Data excerpts:
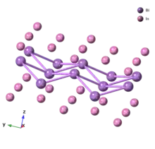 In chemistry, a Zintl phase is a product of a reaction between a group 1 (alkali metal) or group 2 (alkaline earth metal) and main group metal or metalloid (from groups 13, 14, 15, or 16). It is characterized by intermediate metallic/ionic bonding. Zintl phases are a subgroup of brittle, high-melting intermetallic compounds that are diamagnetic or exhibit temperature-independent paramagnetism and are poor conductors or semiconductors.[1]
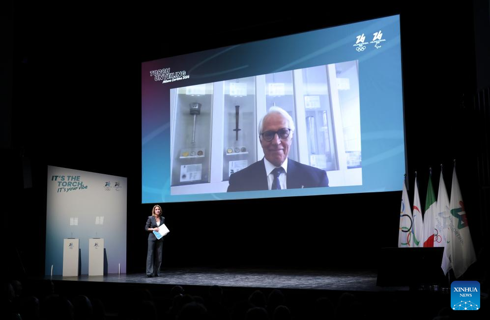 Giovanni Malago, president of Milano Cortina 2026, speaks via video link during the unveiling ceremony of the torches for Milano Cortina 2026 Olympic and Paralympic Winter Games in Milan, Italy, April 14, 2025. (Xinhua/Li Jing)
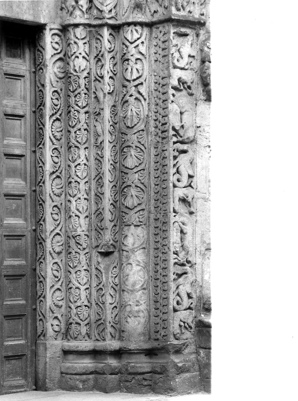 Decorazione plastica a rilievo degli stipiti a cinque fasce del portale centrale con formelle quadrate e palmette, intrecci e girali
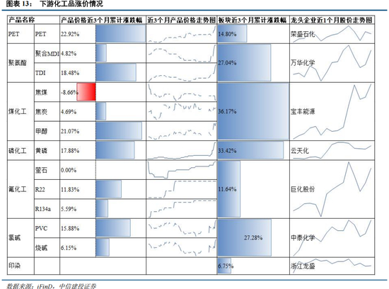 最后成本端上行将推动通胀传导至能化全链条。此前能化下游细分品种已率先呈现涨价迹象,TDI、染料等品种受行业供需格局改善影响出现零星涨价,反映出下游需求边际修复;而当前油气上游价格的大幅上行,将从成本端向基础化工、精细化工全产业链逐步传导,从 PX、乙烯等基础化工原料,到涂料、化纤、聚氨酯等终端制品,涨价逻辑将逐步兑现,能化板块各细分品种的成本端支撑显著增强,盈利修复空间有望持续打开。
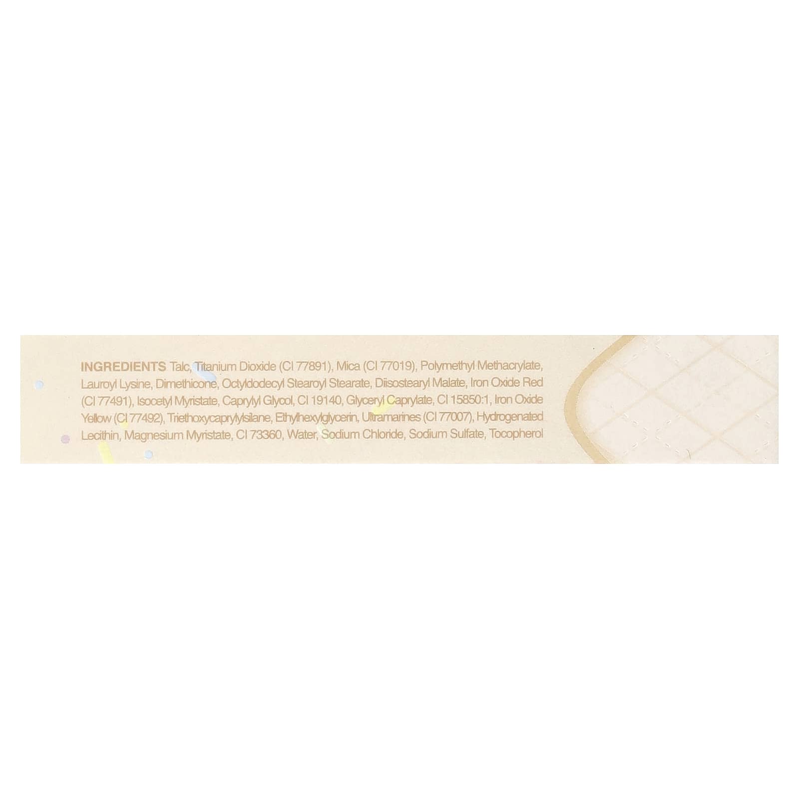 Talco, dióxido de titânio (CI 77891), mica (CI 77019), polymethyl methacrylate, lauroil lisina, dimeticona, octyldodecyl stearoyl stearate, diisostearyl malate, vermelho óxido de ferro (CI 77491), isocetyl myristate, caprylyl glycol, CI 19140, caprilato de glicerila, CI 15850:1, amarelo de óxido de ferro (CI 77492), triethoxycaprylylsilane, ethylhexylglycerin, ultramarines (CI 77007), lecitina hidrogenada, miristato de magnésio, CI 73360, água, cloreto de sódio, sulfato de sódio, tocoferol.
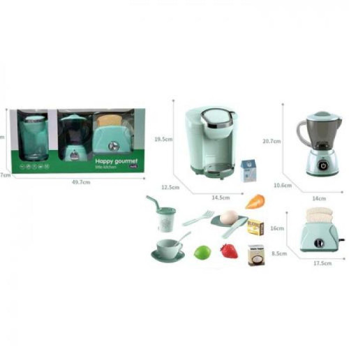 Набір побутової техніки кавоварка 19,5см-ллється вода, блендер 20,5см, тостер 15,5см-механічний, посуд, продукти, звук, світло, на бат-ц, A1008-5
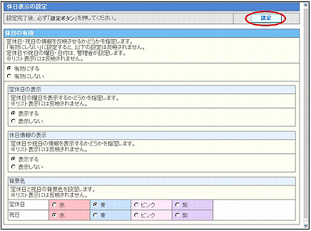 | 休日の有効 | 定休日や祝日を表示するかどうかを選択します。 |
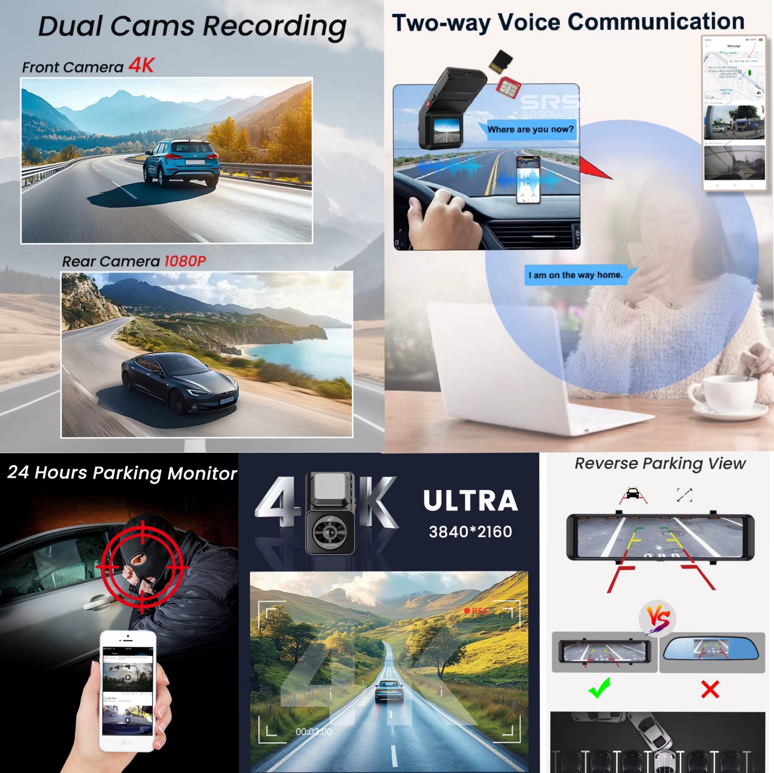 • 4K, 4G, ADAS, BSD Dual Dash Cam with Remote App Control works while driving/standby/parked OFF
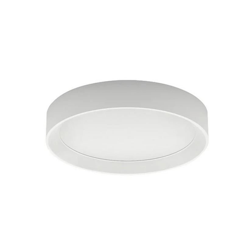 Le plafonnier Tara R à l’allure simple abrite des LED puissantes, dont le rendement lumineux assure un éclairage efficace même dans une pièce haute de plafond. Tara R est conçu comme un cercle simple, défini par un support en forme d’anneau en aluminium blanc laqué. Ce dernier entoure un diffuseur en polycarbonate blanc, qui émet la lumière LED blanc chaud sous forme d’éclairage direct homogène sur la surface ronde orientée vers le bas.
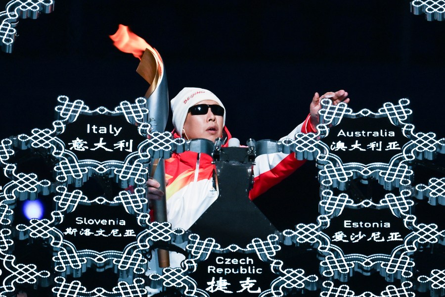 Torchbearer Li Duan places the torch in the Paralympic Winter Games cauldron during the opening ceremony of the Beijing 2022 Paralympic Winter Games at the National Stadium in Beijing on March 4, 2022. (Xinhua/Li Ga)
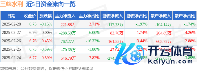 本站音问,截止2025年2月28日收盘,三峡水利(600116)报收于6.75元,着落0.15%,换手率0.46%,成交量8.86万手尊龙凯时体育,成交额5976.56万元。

# Problem to solve
Pictures should be omitted. Please return exactly the lines from the line that holds "Torchbearer Li Duan" through the end of the records.

# Solution for this exercise
 Torchbearer Li Duan places the torch in the Paralympic Winter Games cauldron during the opening ceremony of the Beijing 2022 Paralympic Winter Games at the National Stadium in Beijing on March 4, 2022. (Xinhua/Li Ga)
 本站音问,截止2025年2月28日收盘,三峡水利(600116)报收于6.75元,着落0.15%,换手率0.46%,成交量8.86万手尊龙凯时体育,成交额5976.56万元。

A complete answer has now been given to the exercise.